Learning PyTorch Part I

Introduction

Currently, I am participating the deep learning part1v2 course as an “international fellow”. This course is taught by Jeremy Howard from fast.ai. The course is not available to the public yet, but it will be in future. During the course, Jeremy introduced PyTorch and the fastai package built on top of PyTorch. Before this, I only used Tensorflow and Keras. PyTorch is quite different (in a good way). I am very impressed by the elegant and flexible design of PyTorch. I would like to introduce some features I think interesting.

Tensor, Variable and Numpy Array

torch.Tensor is the container of data. One can convert to and from numpy array using: .numpy() and .from_numpy(X).
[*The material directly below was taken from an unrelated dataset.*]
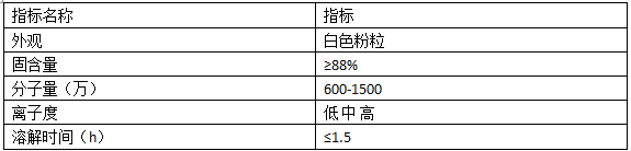 阳离子聚丙烯酰胺外观为白色粉粒,是一种水溶性高分子电解质,易溶于水,不溶于乙醇、丙酮等有机溶剂,其分子链上带有阳离子基团和活性吸附基团,通过电中和及吸附架桥作用,降低水中电位,使水中悬浮颗粒和带负电荷的水溶性物质失稳、絮凝,形成较大的絮凝物,使悬浮物沉降或浮上,从而达到净化水的目的。

Tensor supports many mathematical operations, and the cool part is that most of them have the “in place” counterparts. For example, Y.add(X) will return a new Tensor, but Y.add_(X) will update the value of Y in place.

Variable is a wrapper of Tensor, which can be accessed by .data. In addition to the data, the Variable also contains the .grad tracking the gradient of the corresponding data and the .grad_fn tracking the functional relations with other Variables. If you are familiar with the computation graph (directed acyclic graph to be more specific) in Keras, TensorFlow and Theano, Variables are nodes in this graph and .grad_fn are edges to its neighbors. I will refer Keras, TensorFlow and Theano as static frameworks, as one needs to construct the computation graph and compile it before any computation. Being different from the static frameworks, PyTorch does not compile the computation graph. It computes the gradients on the fly via .backward() method according to the current computation graph structure. In my opinion, this is extremely powerful. This potentially enables us to “learn” the optimal architecture during training, rather than manually design an architecture beforehand. For example, one can start with a relatively simple architecture and add more neurons and/or layers during training. Another cool part about Variable is that it can be moved to gpu memory via .cuda() and to host memory via .cpu(). If you have experience with CUDA programming, you may find this feature is very intuitive.

Optimization

The optimization part is similar to other frameworks. First, we need choose a loss function based on our needs. Then, after each minibatch, compute the loss and compute the gradients of all Variables via loss.backward(). Then, use the optimizer’s .step() function to update the changes. This may seem very cumbersome at the beginning, but it provides a lot of flexibility. For example, one can change the learning rate of the optimizer, or even change to a different optimizer entirely. Another caveat is that, before training each minibatch, one should call .zero_grad() function to set all variables grad to zero. The optimizer only updates the variables using their grads, but does not reset the grads to zero.

At the End

To get started, I highly recommend the official A 60 mins Blitz and a wonderful PyTorch hands on tutorial yunjey’s PyTorch tutorial on github.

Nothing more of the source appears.